## WHAT THE TASK ASKS
Without including any image, retype the records word for word.

## Data excerpts
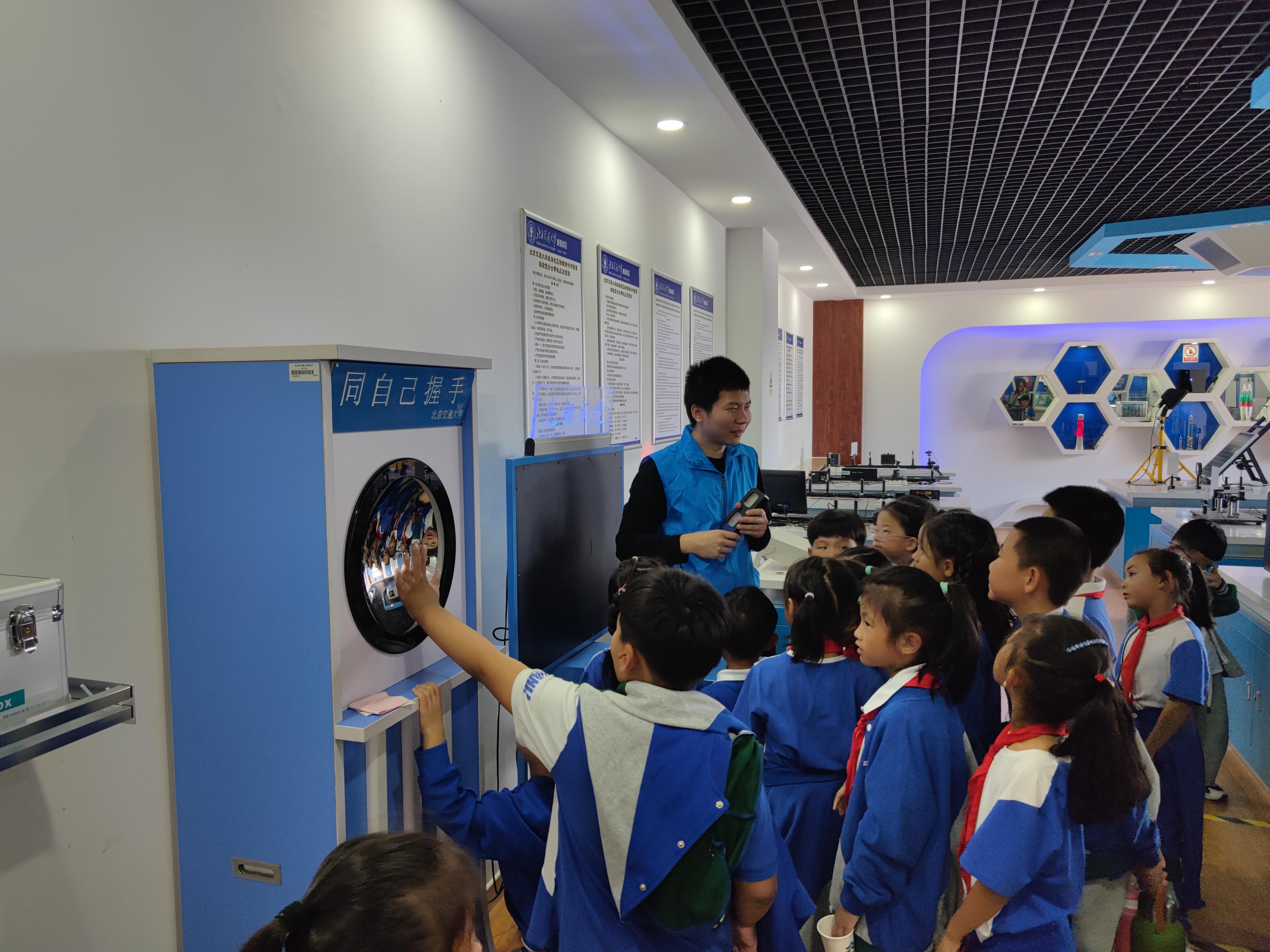10月11日,威海南海新区天立学校的一年级至五年级的76名学生在德育主任廖运琳和15名教师的带领下来威海校区科普教育基地参观。科普教育基地的5名实验教师和1名学生志愿者接待了参观人员。
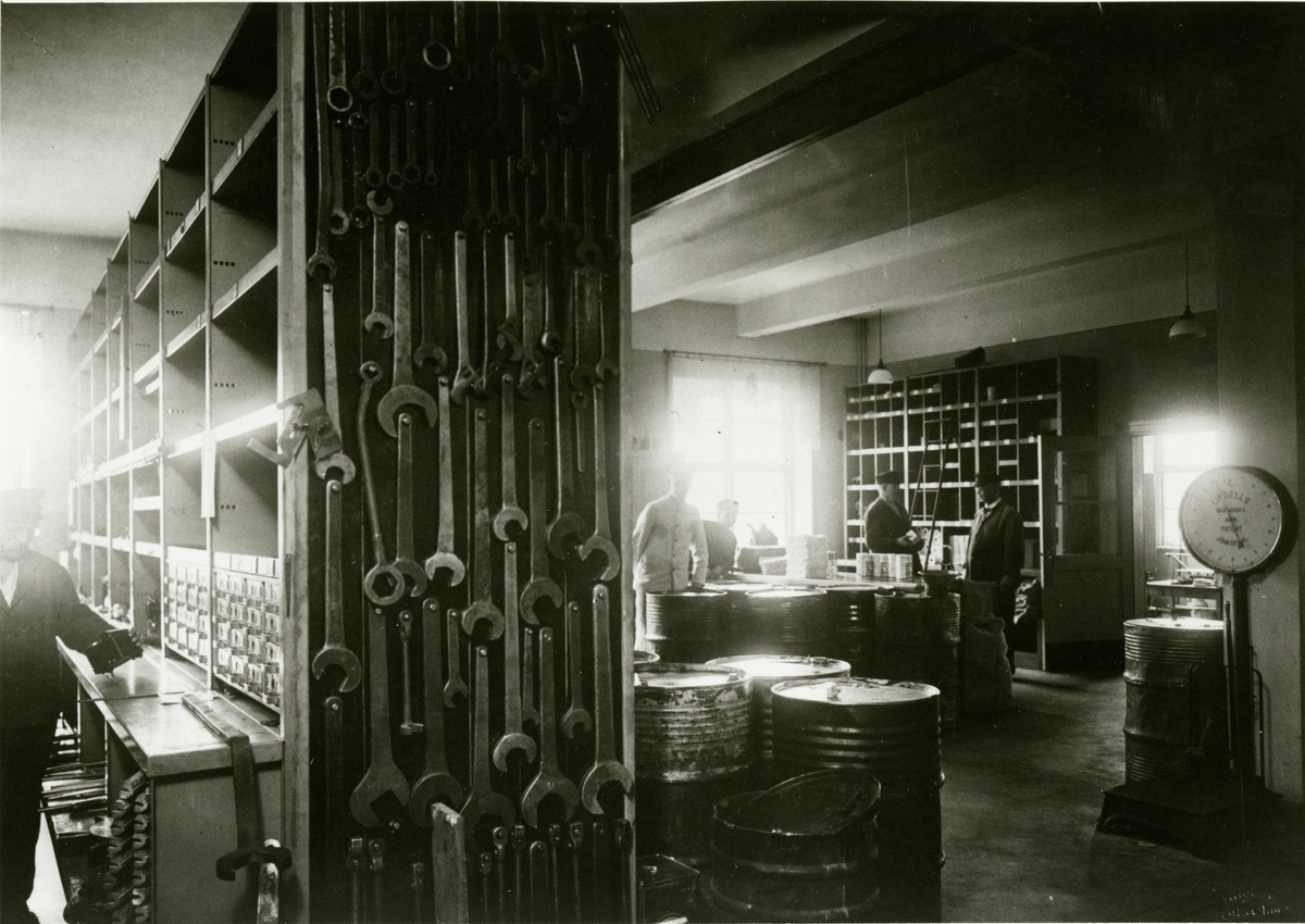 Interiör från huvudverkstaden, genom elektrifieringen väsentligt minskade förrådet vid Driftverkstaden.
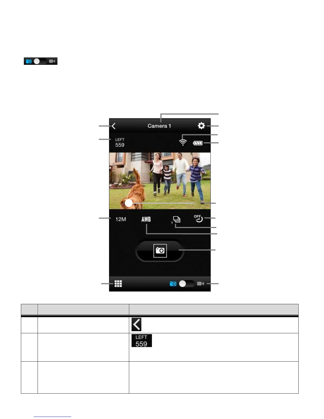 To change to Photo Capture Mode, slide the Switch Mode indicator to the Photo icon.
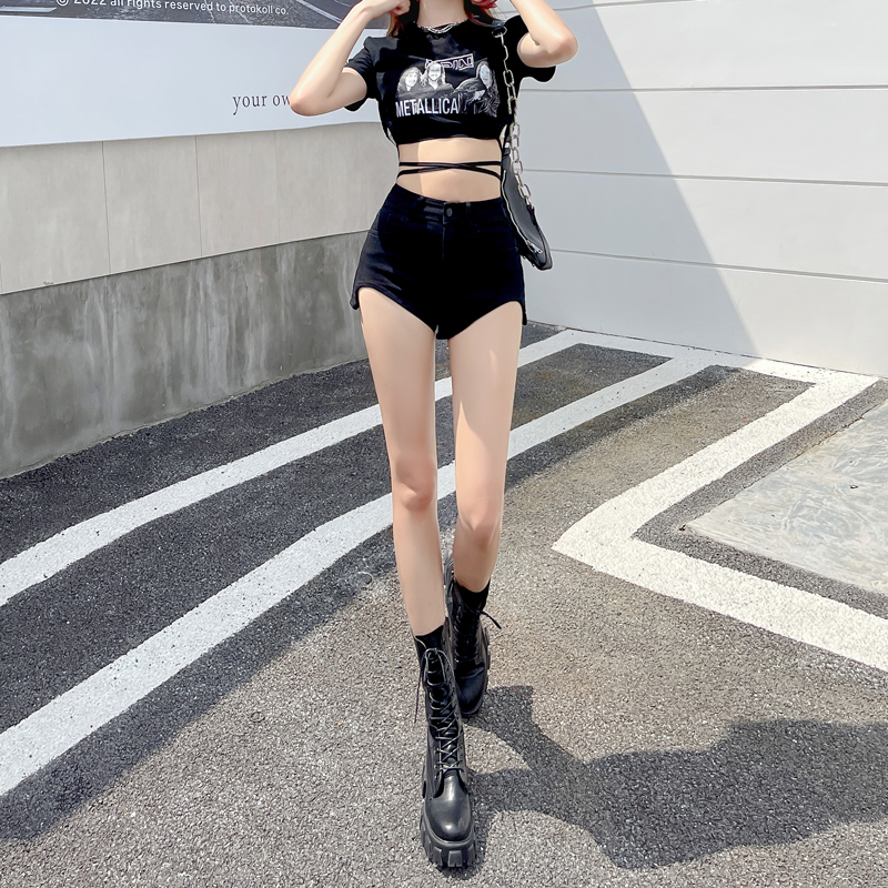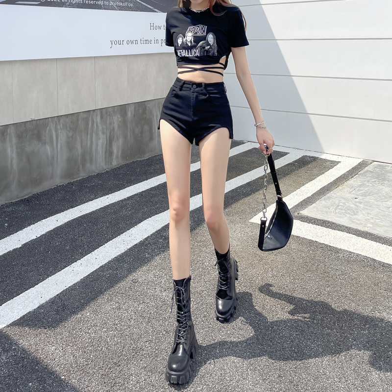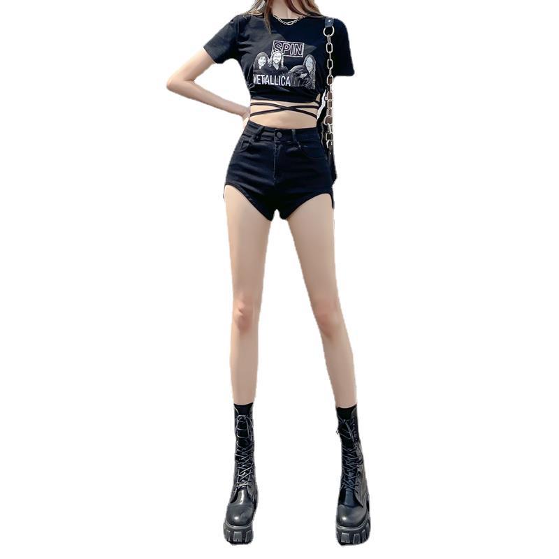 Black Denim Shorts Women's 2024 New Summer Waist Tight Slimming American Style Hot Girl A- line Hot Pants
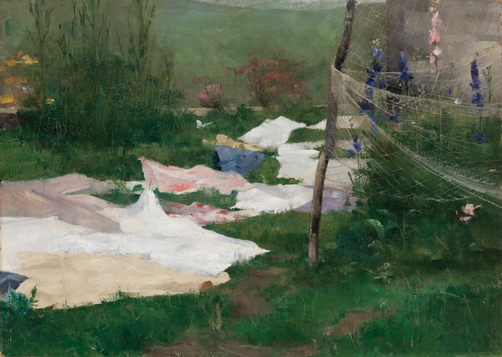 Let’s start with the early years. Born 1862 in Helsinki to an office manager and his wife, she fell down a flight of stairs as a four year old, breaking her hip. This accident left her with a limp for the rest of her life. Her talent in drawing was spotted early by Adolf von Becker, a painter who ran an art school in Helsinki. He and later a certain Prof. Georg Asp paid for her tuition at Beckers art school. At the age of 17 she already won a prize at a competition organized by the Finish Art Society. Enough fame to grant her travel scholarships by the Imperial Russian Senate (Finland was part of the Russion Empire back then), enabling her to go to Paris, later Britain and back to France to study and work. During this time she painted in Realist style. She expressed admiration for Manet, Degas, Morisot and Cassatt. Her two best know paintings stem from that period: The Convalescent and The Dancing Shoes. But also many a still life and landscape in plein air style. Great art, all of it, I think. Have a look.

## PROBLEM SOLUTION
10月11日,威海南海新区天立学校的一年级至五年级的76名学生在德育主任廖运琳和15名教师的带领下来威海校区科普教育基地参观。科普教育基地的5名实验教师和1名学生志愿者接待了参观人员。
 Interiör från huvudverkstaden, genom elektrifieringen väsentligt minskade förrådet vid Driftverkstaden.
 To change to Photo Capture Mode, slide the Switch Mode indicator to the Photo icon.
 Black Denim Shorts Women's 2024 New Summer Waist Tight Slimming American Style Hot Girl A- line Hot Pants
 Let’s start with the early years. Born 1862 in Helsinki to an office manager and his wife, she fell down a flight of stairs as a four year old, breaking her hip. This accident left her with a limp for the rest of her life. Her talent in drawing was spotted early by Adolf von Becker, a painter who ran an art school in Helsinki. He and later a certain Prof. Georg Asp paid for her tuition at Beckers art school. At the age of 17 she already won a prize at a competition organized by the Finish Art Society. Enough fame to grant her travel scholarships by the Imperial Russian Senate (Finland was part of the Russion Empire back then), enabling her to go to Paris, later Britain and back to France to study and work. During this time she painted in Realist style. She expressed admiration for Manet, Degas, Morisot and Cassatt. Her two best know paintings stem from that period: The Convalescent and The Dancing Shoes. But also many a still life and landscape in plein air style. Great art, all of it, I think. Have a look.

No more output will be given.